John Morgan MacKenzie v The Attorney-General

Case

[2016] NZSC 60

1 June 2016


IN THE SUPREME COURT OF NEW ZEALAND
SC 21/2016
[2016] NZSC 60
BETWEEN

JOHN MORGAN MACKENZIE
Applicant

AND

THE ATTORNEY-GENERAL
Respondent

Court:

Elias CJ, William Young and Arnold JJ

Counsel:

Applicant in person
I M G Clarke for Respondent

Judgment:

1 June 2016

JUDGMENT OF THE COURT

The application for leave to appeal is dismissed.

____________________________________________________________________

REASONS

  1. The applicant’s son was severely injured on 1 October 1987 and died the next day in hospital.  His heart was subsequently removed and the aortic valves transplanted into a teenage girl.  He says that the removal of the heart and transplanting of the aortic valves were effected despite familial consent having been refused.  The applicant was informed of the transplantation of the aortic valves by letter of 21 March 2005.  On 24 November 2006, the Crown Health Funding Agency wrote to the applicant to the effect that it would not offer him compensation.

  2. The applicant’s proceedings against the Attorney-General were commenced on 23 November 2012, more than 25 years after the key events to which they relate.  In substance they are by way of complaint about the removal of his son’s heart and seek, amongst other things, compensation.  He sought legal aid for the proceedings but was unsuccessful; this primarily because of the limitation defence which was available.[1]  He challenged the refusal of legal aid as far as this Court.  This resulted in two judgments: first the dismissal of his application for leave to appeal[2] and secondly a recall application.[3]  In the second judgment, the Court noted that the applicant had “the fixed idea that time did not begin to run for limitation purposes” until receipt of the 24 November 2006 letter.  The judgment pointed out that this was not in accordance with the way the Limitation Act 1950 operated.[4]

    [1]See Re CE (CIVIL) [2012] NZLAT 023; and MacKenzie v Legal Services Commissioner [2012] NZHC 3098.

    [2]MacKenzie v Legal Services Commissioner [2014] NZSC 23.

    [3]MacKenzie v Legal Services Commissioner [2014] NZSC 49.

    [4]At [2].

  3. The applicant’s proceedings were struck out by Associate Judge Bell as barred by the Limitation Act 1950.[5]  His application for review under subs 26P(1) of the Judicature Act 1908 was dismissed by Andrews J.[6]  She too was of the view that the claim in relation to the removal of the applicant’s son’s heart was out of time.[7]  She rejected attempts by the applicant to broaden the scope of his claim to encompass a challenges to the letter of 26 November 2006 and in particular to allege tortious conduct on the part of the Crown Law Office.  Any claim along the lines foreshadowed would itself be time barred.[8] 

    [5]MacKenzie v Attorney-General [2015] NZHC 191 at [93].

    [6]MacKenzie v Attorney-General [2015] NZHC 1876 at [50]–[51].

    [7]At [43]–[46].

    [8]At [47]–[49].

  4. Applications for leave to appeal against the judgment of Andrews J were later dismissed by Andrews J[9] and the Court of Appeal.[10]

    [9]MacKenzie v Attorney-General [2015] NZHC 2208.

    [10]MacKenzie v Attorney-General [2015] NZCA 24.

  5. He now seeks leave to appeal to this Court against the substantive judgment of Andrews J.

  6. The respondent maintains that there is no jurisdiction to hear the proposed appeal.  This contention is based on subs 26P(1AA) of the Judicature Act, which provides:

    The determination of the High Court on a review under subsection (1) is final, unless the High Court gives leave (or the High Court refuses leave, but the Court of Appeal gives special leave) to appeal from it to the Court of Appeal.

As mentioned above, the substantive judgment of Andrews J was under subs 26P(1).
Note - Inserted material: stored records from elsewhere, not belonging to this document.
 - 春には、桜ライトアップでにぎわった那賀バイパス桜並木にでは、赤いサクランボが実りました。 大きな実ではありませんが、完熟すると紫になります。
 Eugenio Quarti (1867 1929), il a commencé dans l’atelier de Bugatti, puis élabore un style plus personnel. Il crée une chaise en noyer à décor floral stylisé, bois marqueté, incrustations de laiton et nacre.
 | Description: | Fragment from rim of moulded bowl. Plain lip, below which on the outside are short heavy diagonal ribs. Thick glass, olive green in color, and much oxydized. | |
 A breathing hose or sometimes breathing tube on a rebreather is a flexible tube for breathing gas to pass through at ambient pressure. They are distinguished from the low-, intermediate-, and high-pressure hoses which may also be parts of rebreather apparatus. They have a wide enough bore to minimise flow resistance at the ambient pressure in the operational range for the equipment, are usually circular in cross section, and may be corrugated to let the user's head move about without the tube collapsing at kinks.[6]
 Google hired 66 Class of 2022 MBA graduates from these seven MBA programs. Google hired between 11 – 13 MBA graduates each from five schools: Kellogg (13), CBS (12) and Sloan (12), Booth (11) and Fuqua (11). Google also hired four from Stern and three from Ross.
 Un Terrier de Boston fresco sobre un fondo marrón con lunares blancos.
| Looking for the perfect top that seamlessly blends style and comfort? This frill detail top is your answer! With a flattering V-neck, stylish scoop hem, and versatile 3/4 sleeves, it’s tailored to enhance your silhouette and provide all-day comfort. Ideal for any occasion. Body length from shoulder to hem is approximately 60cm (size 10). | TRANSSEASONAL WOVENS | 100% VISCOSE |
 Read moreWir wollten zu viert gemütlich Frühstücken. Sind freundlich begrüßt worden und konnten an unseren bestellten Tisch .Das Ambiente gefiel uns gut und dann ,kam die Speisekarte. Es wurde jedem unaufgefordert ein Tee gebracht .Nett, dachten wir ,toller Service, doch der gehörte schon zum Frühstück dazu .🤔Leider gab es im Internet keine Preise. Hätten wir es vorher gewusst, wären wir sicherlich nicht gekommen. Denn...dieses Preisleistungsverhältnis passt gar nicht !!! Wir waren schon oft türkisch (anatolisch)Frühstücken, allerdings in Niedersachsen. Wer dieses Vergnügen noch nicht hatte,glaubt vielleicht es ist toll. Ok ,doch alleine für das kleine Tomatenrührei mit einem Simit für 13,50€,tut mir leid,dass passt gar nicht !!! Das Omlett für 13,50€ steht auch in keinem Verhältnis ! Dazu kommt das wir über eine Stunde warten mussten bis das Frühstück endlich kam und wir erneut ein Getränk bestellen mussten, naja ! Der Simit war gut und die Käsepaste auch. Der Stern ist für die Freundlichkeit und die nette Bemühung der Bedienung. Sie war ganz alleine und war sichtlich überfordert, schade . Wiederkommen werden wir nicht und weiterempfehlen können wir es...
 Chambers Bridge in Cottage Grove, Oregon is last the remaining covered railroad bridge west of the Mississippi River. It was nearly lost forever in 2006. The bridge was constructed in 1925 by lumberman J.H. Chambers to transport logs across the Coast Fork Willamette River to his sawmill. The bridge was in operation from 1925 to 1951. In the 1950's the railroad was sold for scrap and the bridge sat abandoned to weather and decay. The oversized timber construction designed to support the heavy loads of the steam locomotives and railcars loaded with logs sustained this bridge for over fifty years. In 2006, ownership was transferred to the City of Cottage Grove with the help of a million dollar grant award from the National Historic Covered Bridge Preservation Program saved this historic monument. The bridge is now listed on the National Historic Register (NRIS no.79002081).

Applications for leave and special leave to appeal against the substantive judgment of Andrews J having been dismissed, the effect of subs 26(1AA) is that the judgment is final and accordingly there is no jurisdiction for this Court to entertain an appeal from it.[11]

[11]See s 8(a) of the Supreme Court Act 2003.
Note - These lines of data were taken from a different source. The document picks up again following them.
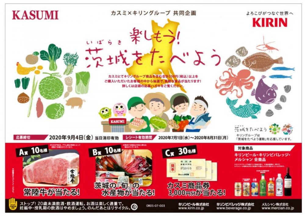 EVENT / 旬のうまいもの特集 新着・イベント情報 【応募締切9/4(金)】「楽しもう!茨城をたべよう」開催中!(2020/07/01) 「茨城をたべよう」応援企画!! 【応募締切9/4(金)】カスミ×キリングループ共同企画「楽しもう!茨城をたべよう」開催中! カスミにてキリングループ商品を含む合計550円(税込)以上を購入した方の中から抽選で,素敵な商品が当たります! 詳しくは店頭の応募ハガキをご覧ください。 ○応募締切 2020年9月4日(金)当日消印有効 ○レシート有効期間 2020年7月1日(水)~2020年8月31日(月) 今、おすすめの記事 {{row.type_jp}} {{row.title}}
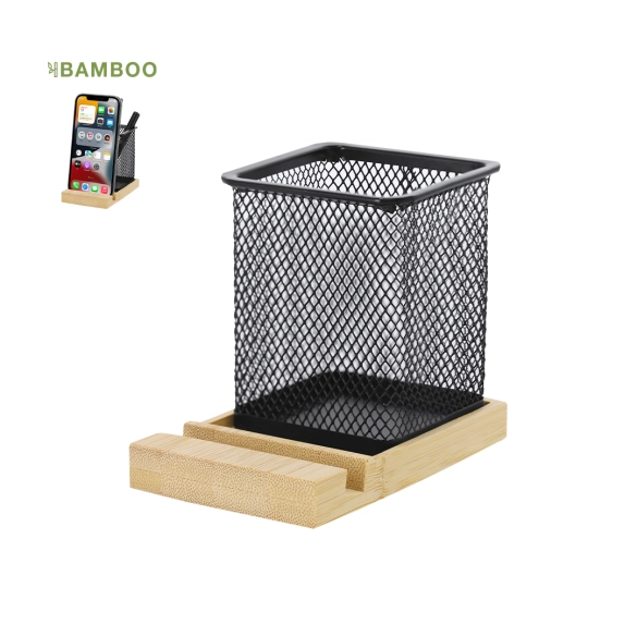 Porte-stylo en maille métallique avec base en bambou naturel. Conçu avec un support pratique intégré pour smartphone.Des matériaux comme le bambou favorisent l'utilisation de matières premières naturelles réduisant les émissions polluantes. De plus, le bambou provient d'une plante très résistante et polyvalente, avec une croissance et une régénération rapides, constituant une excellente alternative à l'utilisation de bois traditionnel.
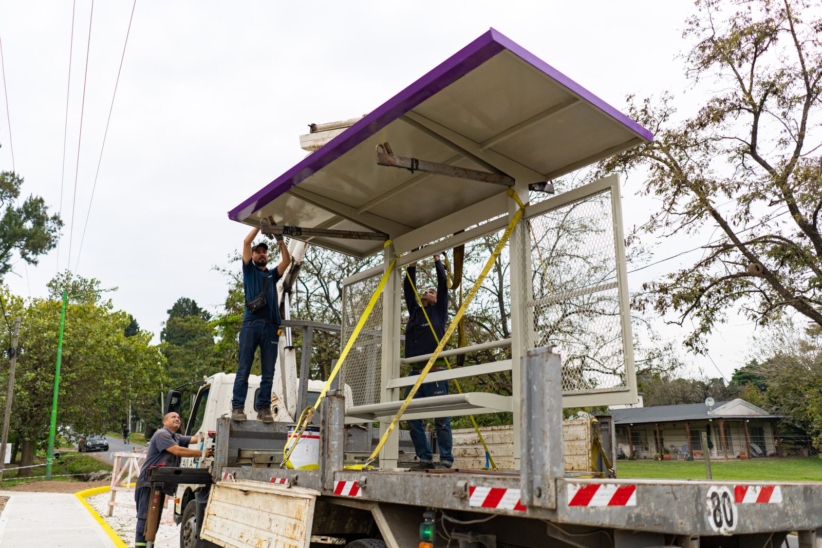 Las estructuras fueron colocadas en las dársenas recientemente construidas sobre colectora norte y la calle Jacinto Fernández y brindarán a los vecinos que esperan el arribo de los colectivos un espacio más cómodo y seguro.
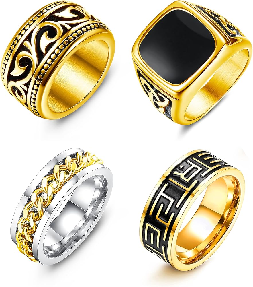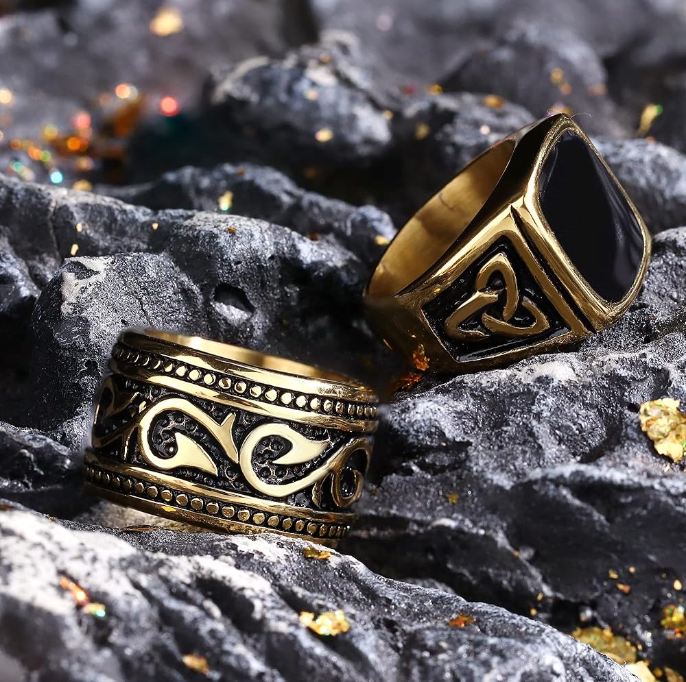 • 【مجموعة خواتم رجالية】طلب واحد يتضمن 4 قطع من حلقات الفولاذ المقاوم للصدأ بتصميم مختلف. حلقة سلتيك أيرلندية عتيقة، حلقة عريضة للإبهام، حلقة منقوشة للرجال، حلقة فيدجيت بسلسلة كوبية. صناعة يدوية قديمة مع نحت رائع، نمط شخصي رائع، مما يمنحك غامضًا وفاخرًا إحساس.

  1. Even if there was jurisdiction to grant leave to appeal, we would not do so.  The applicant’s arguments seem to come down to the propositions that either there was no cause of action prior to his receipt of the 26 November 2006 letter or that this letter gave rise to a different cause of action.  These arguments have been carefully analysed in the judgments in the High Court and Court of Appeal and (in relation to the first of them) in the context of the legal aid litigation.  Contrary to the perceptions of the applicant, they do not give rise to a question of public or general importance and there is no appearance of a miscarriage of justice.